Starting with the opening line of the entries below, transcribe each line exactly up to and including the one that has "房间的落地大玻璃窗可以望见对"; pictures are not copied.

-- EXERCISE DATA follows --

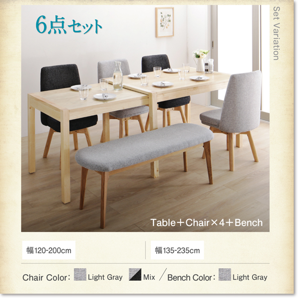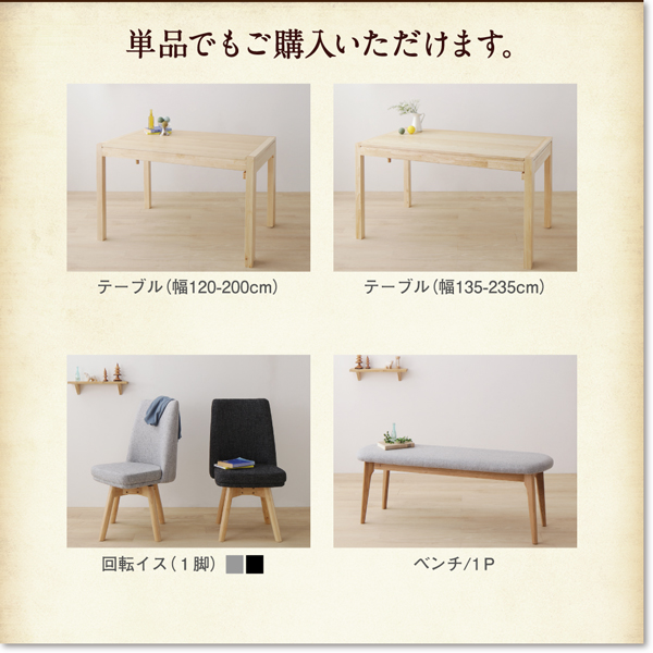 ダイニングセット/ダイニングテーブル/ダイニングチェア/ダイニングベンチ/スライド伸縮式/エクステンションテーブル/回転イス/回転チェア
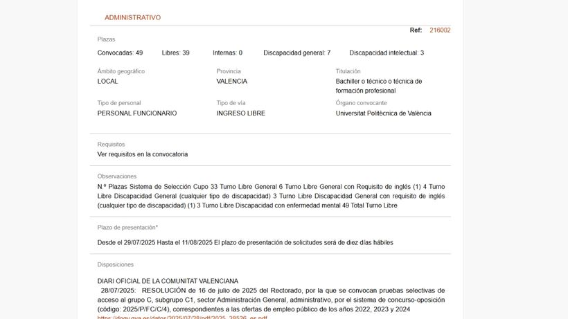 Una de las oposiciones más esperadas son las de administrativo (Grupo C1) a las que se puede acceder con el título de Bachillerato o técnico de Formación Profesional (FP). La Universidad Politécnica de Valencia ha publicado en la web de la Administración Pública del Gobierno de España una convocatoria con 49 plazas para acceder por turno libre de las que hay reservadas para personas con discapacidad.
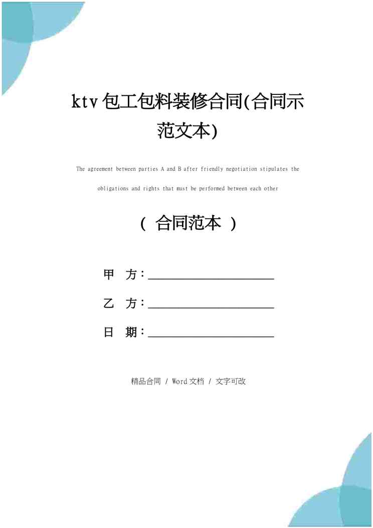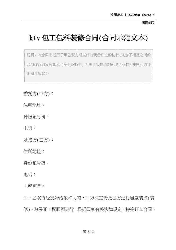 本站资深用户发布了最新的《ktv包工包料装修合同(合同示范文本)》文档,以下内容为预览,详细内容可下载阅读。 声明:本站所有文章,如无特殊说明或标注,均为本站原创发布。任何个人或组织,在未征得本站同意时,禁止复制、盗用、采集、发布本站内容到任何网站、书籍等各类媒体平台。如若本站内容侵犯了原著者的合法权益,可联系我们进行处理。
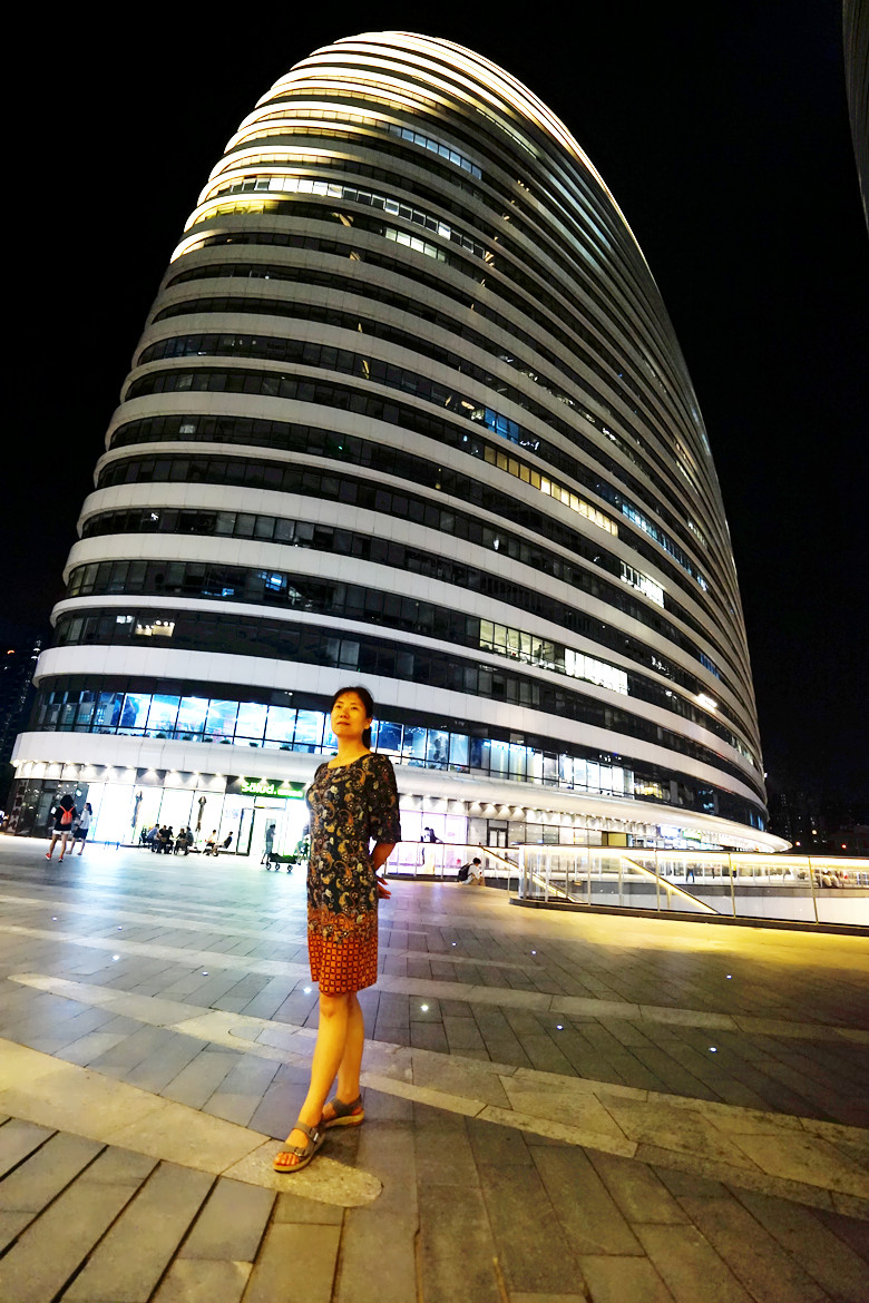 房间的落地大玻璃窗可以望见对面的大望京SOHO。清晨沐浴着第一缕阳光,躺在床上就可赏风景。灯火通明的夜晚,楼下的夜景更是撩人的很。忍不住就去大望京SOHO逛了一圈,看看我拍的照片漂亮吧,把自己拍出了一米八的高挑身材。
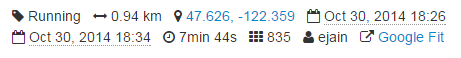 We added a google-activities task that lets you choose to retrieve either explicitly recorded exercise sessions, or automatically detected activities (which includes periods of “not moving” and “in vehicle”). To this, we add consolidated step counts and distances, as well as a starting location based on the platform’s location stream. We also look for any streams that have speed averages, calories expended or heart rate averages for the period of each activity.
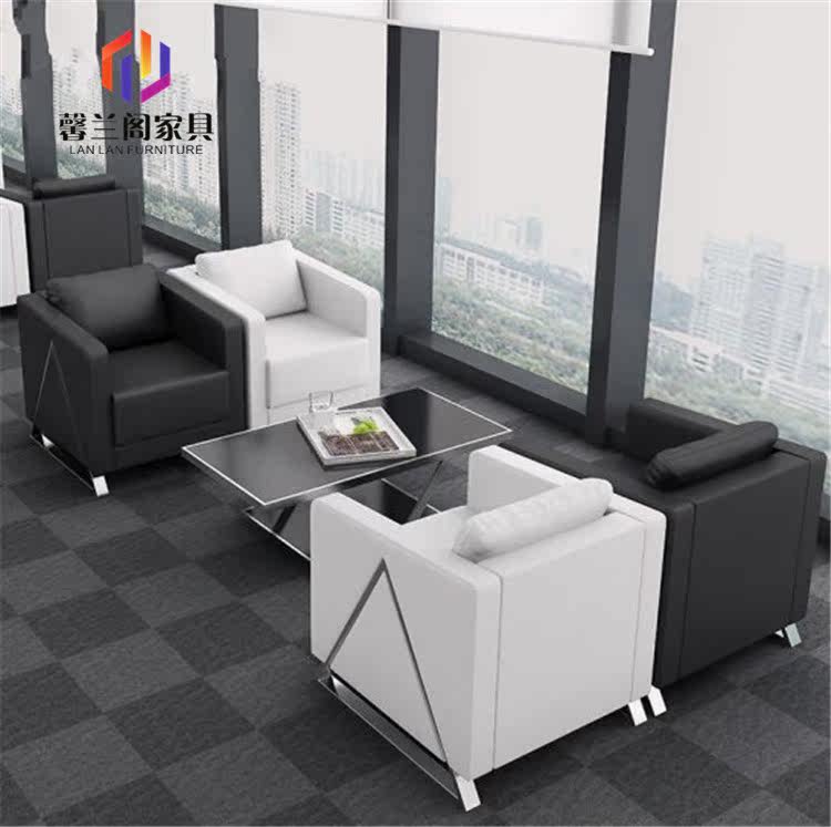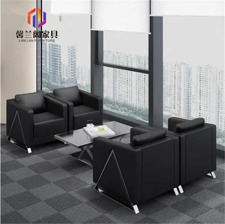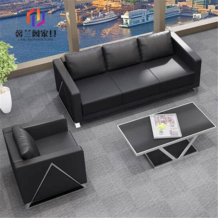 Real Leather Office Sofa Tea Table Combination Brief Modern Business Office Sofa Reception Guest Trio Innate
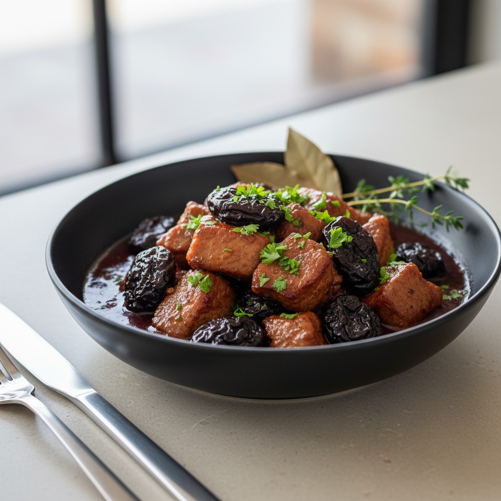 Le porc aux pruneaux et vin rouge est un classique de la cuisine française, apprécié pour son alliance subtile de saveurs sucrées-salées. Ce plat mijoté, originaire du Sud-Ouest, marie la tendreté du porc à la douceur acidulée des pruneaux, le tout relevé par la profondeur aromatique du vin rouge. Il offre un équilibre nutritionnel intéressant, associant protéines maigres, fibres et antioxydants naturels. Accessible et convivial, il se prête aussi bien aux repas familiaux qu’aux grandes occasions. La réussite de ce plat repose sur la maîtrise de la cuisson lente et l’harmonie des assaisonnements.
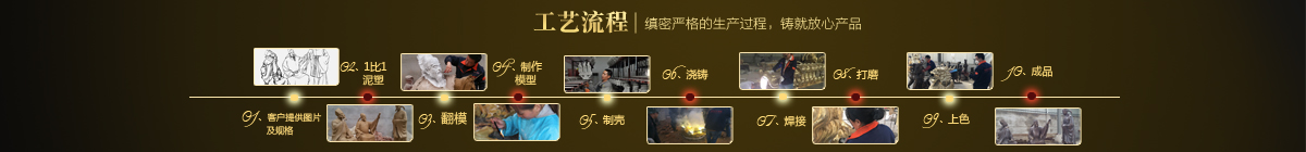 制作一件完美的鑄銅雕塑,最重要的步驟就是制作泥塑模型,然后再用工業(yè)硅膠拓印、翻模。所以泥塑的姿態(tài)、神情生動與否直接影響最終銅雕塑的品質(zhì)。所以我廠一直對泥塑模型的制作格外重視。我廠以雕塑為本,以藝術(shù)為根,挾中華文化之傳統(tǒng),偕歐陸藝術(shù)之風韻,風格獨特,盡顯淋漓盡致。我們本著大膽創(chuàng)新、勇于突破的精神,以追求卓越為導向,堅持寧缺勿濫為原則,并可依照您提供的要求,為您量身設計制作。我廠人才濟濟,有智慧嚴謹?shù)墓芾戆嘧樱姸嗄贻p充滿激情、充滿創(chuàng)意的專業(yè)設計團隊、有專業(yè)技術(shù)精湛的雕塑制作人才和專業(yè)的施工隊伍。他們不僅具深厚的文化藝術(shù)底蘊,更汲取當代雕塑精華,博采眾家之長,作品既有嚴肅莊重寫實題材,也有輕松前衛(wèi)的抽象題材,表現(xiàn)手法上浪漫主義中不乏樸實,現(xiàn)實主義中蘊涵著激情,設計理念貫穿古今、融匯中西,深刻詮釋著藝術(shù)的精髓,把古典主義和后現(xiàn)代主義完美的融合,將雕塑藝術(shù)演繹為力的凝聚、美的體現(xiàn),讓人們感受到的不僅是一種藝術(shù)的浪漫與優(yōu)雅、粗獷與悲壯、更是豐富的優(yōu)秀藝術(shù)寶藏和文化傳統(tǒng),讓您在藝術(shù)與文化中穿流,在時空中飄蕩,使靈魂在藝術(shù)的海洋洗禮。 MORE+
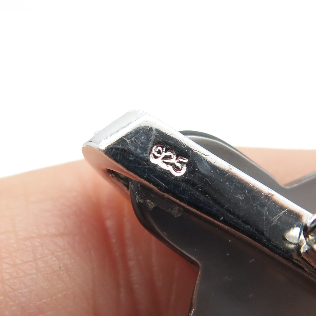 925 Sterling Silver Real Abalone Shell & C Z Leaf Modernist Pin Brooch
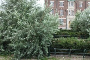 Här har vi ett buskträd som inte klagar om torra och t.o.m. salta vindar sveper fram vecka efter vecka. Även näringsfattiga jordar går bra eftersom silverbuskar har kvävefixerande rötter. De silvriga smala bladen sitter jämnt strödda över de långa svepande årsskotten som vajar i vinden. Den smalbladiga silverbusken är en jättebuske som normalt blir flerstammig men trädlik med grova stammar. Genom flitig beskärning och uppbindning i plantskolan och under etableringen kan man uppnå stamträd men vart träd blir unikt och passar bättre till oregelbundna torgplanteringar än som enhetliga alléer. Det kan också vara svårt att uppnå stabila träd så välj vindskyddade, soliga lägen om det är viktigt med ett rakstammigt och högt träd. Bäst är att sätta stora naturliga grupper där man kan gallra bort ev. lutande exemplar. Ett fantastiskt livfullt buskträd som genom sin silvriga färg är roligt att kombinera med annan växtlighet.
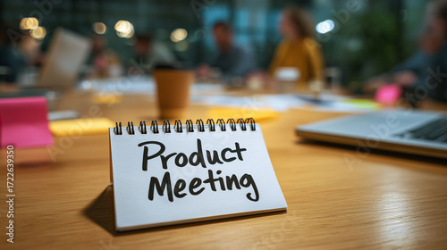 Product meeting note on wooden table with colleagues discussing strategy teamwork and planning in modern office collaborative workspace
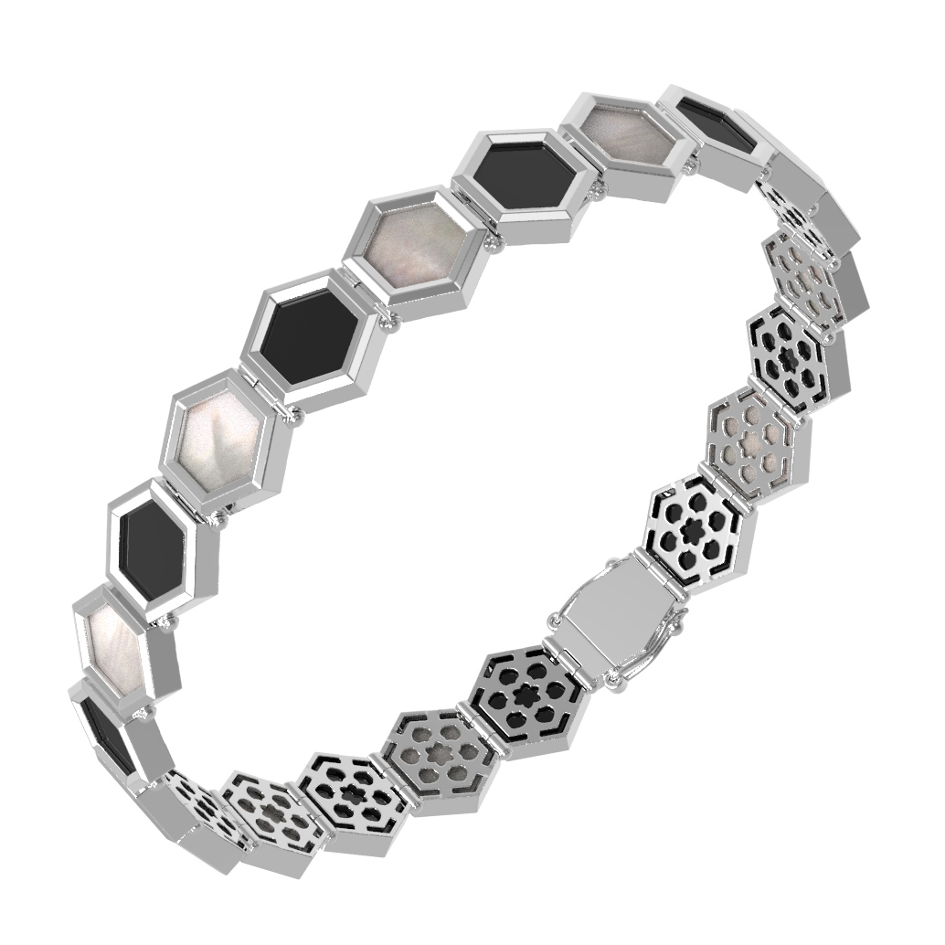 Браслет из белого золота c ониксом и перламутром
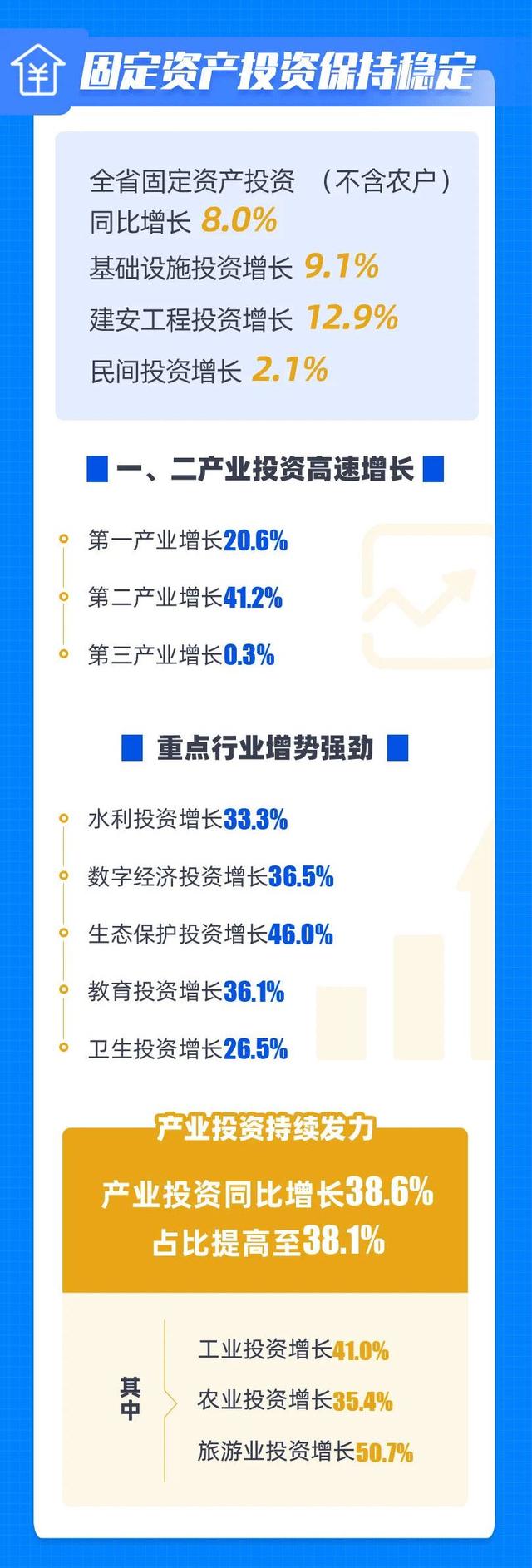 重点行业增势强劲。水利投资增长33.3%;数字经济投资增长36.5%;生态保护投资增长46.0%;教育投资增长36.1%;卫生投资增长26.5%。房地产开发投资和交通投资增长乏力,分别下降23.8%、11.2%。

-- EXERCISE DATA concluded --

- **TASK RESPONSE**:
 ダイニングセット/ダイニングテーブル/ダイニングチェア/ダイニングベンチ/スライド伸縮式/エクステンションテーブル/回転イス/回転チェア
 Una de las oposiciones más esperadas son las de administrativo (Grupo C1) a las que se puede acceder con el título de Bachillerato o técnico de Formación Profesional (FP). La Universidad Politécnica de Valencia ha publicado en la web de la Administración Pública del Gobierno de España una convocatoria con 49 plazas para acceder por turno libre de las que hay reservadas para personas con discapacidad.
 本站资深用户发布了最新的《ktv包工包料装修合同(合同示范文本)》文档,以下内容为预览,详细内容可下载阅读。 声明:本站所有文章,如无特殊说明或标注,均为本站原创发布。任何个人或组织,在未征得本站同意时,禁止复制、盗用、采集、发布本站内容到任何网站、书籍等各类媒体平台。如若本站内容侵犯了原著者的合法权益,可联系我们进行处理。
 房间的落地大玻璃窗可以望见对面的大望京SOHO。清晨沐浴着第一缕阳光,躺在床上就可赏风景。灯火通明的夜晚,楼下的夜景更是撩人的很。忍不住就去大望京SOHO逛了一圈,看看我拍的照片漂亮吧,把自己拍出了一米八的高挑身材。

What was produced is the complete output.